The patient’s blood was drawn and sent for the comprehensive 127 gene Retinal Dystrophy Panel through the Casey Eye Institute Laboratory at Oregon Health and Science University. The test is listed at $2,500 and is almost always paid out of pocket, but for patients seeking a definitive cause for their visual impairment, this option is attractive to attain answers and closure.
A full list of available tests is available at ohsu.edu, along with instructions for specimen requisition and the relevant consent and payment forms. In most cases, the test results are available within one to three months.

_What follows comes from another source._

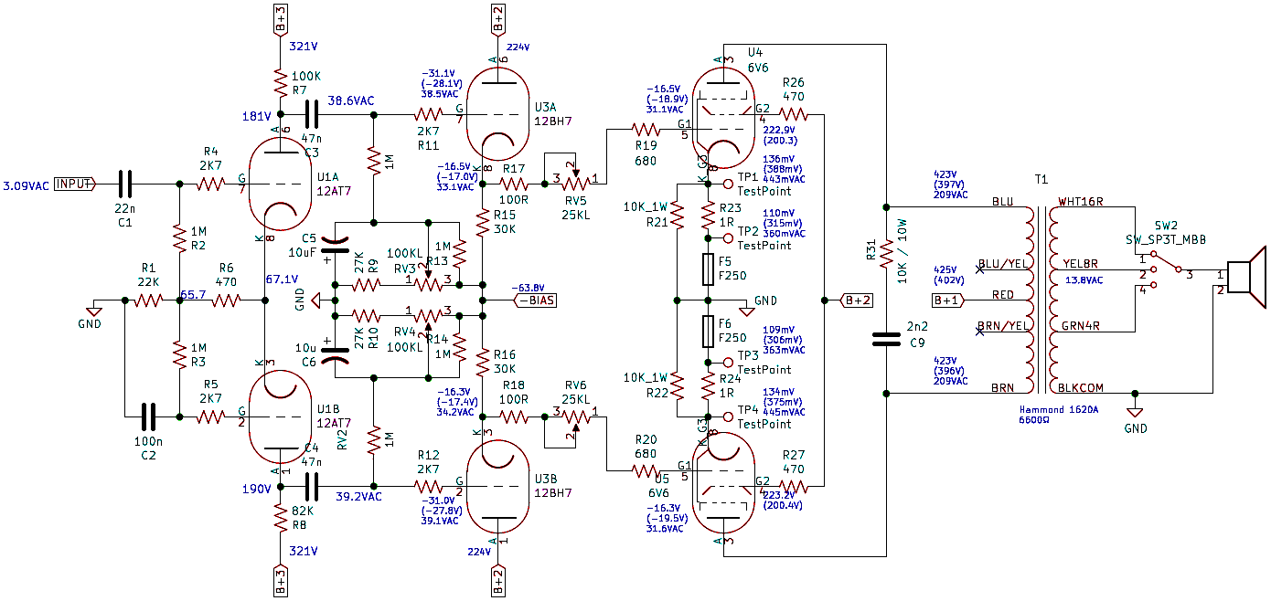 ![]() Modulateur pour émetteur AMLa commande en classe B était souvent utilisée pour les modulateurs de radio AM (radiodiffusion en AM). Un signal puissant est nécessaire, mais une distorsion de 5% est acceptable. L'étage déphaseur est réalisé sous forme d'un transfo. La modulation est limitée par un compresseur et l'étage audio travaille presque continuellement à puissance maximale. Pour augmenter le rendement on fait travailler l'étage de puissance audio en classe B2.Le signal audio est superposé au courant anodique d'un des tubes radio-fréquences (généralement l'avant dernier de la partie RF). La puissance audio doit être de 40%. Le montage à droite montre le principe du modulateur (sans le couplage à l'étage radio-fréquences). Le signal à l'entrée fait 400Vtt. La triode double ne procure pas d'amplification, mais commande le push pull équipé de 6L6 (un tube bien connu des radio-amateurs sous sa version 807 avec têton anodique). Plusieures tensions d'alimentation sont nécessaires: +270V pour le préampli et tension de g2, -67.5V pour la tension négative et +360V pour la tension anodique des tubes de puissance. Amplificateur avec 6V6Un exemple d'amplificateur récent qui permet de démontrer l'influence du passage de la classe AB1 à la classe AB2. Cet amplificateur utilise deux 6V6 qui peuvent normalement fournir une puissance d'environ 14W. Avec une commande en classe AB2 on arrive à 23.8W. Les tensions alternatives indiquées sur le schéma sont des tensions RMS.L'étage d'entrée est un déphaseur de Schmidt (avec résistance cathodique commune non découplée). La valeur de la résistance étant élevée, on a un facteur d'amplification relativement faible (il faut une tension de 3.1V à l'entrée pour atteindre la puissance nominale), mais par contre l'égalité des deux tensions en sortie est assez bonne. Cet étage utilise une double triode 12AT7 qui combine un facteur d'amplification élevé avec une bonne linéarité. L'étage d'attaque est une double triode 12BH7, un tube qui n'a pas d'équivalent européen. C'est un tube qui permet un courant cathodique relativement élevé et qui peut donc très bien attaquer le tube de puissance en classe AB2. La polarisation de chaque tétrode de puissance s'effectue via cet étage (ajustables RV3 et RV4).

The PRPH2/RDS and GUCY2D genes have been implicated in CACD and are included in the panel that will be run for this patient.4,5 She will be contacted with the results and notified of any clinical trials for which she may qualify. We plan to monitor her condition yearly for progression and updates on possible trials.
Dr. Hammond is an optometric resident at the Bascom Palmer Eye Institute in Miami.
1. Sohn E, Mullins R, Stone E. Macular Dystrophies. In: Ryan SJ ed. Retina. Vol 2, ed. V. St Louis:Mosby; 2013:864-74.|
2. Yannuzzi LA. Cetntral Areolar Choroidal Dystrophy. The Retinal Atlas. 1st ed. Saunders Elsevier; 2010. 80.
3. Genead M, Fishman G, Grover S. Hereditary Choroidal Diseases. In: Ryan SJ ed. Retina. Vol 2, ed. V. St Louis: Mosby; 2013;891-2.
4. Boon C, Klevering B, Cremers F, et al. Central areolar choroidal dystrophy. Ophthalmology. 2009;116:771–82.
5. Hughes A, Meng W, Lotery A, Bradley D. A Novel GUCY2D Mutation, V933A, causes central areolar choroidal dystrophy. Invest Ophthalmol Vis Sci. 2012;53:4748–53.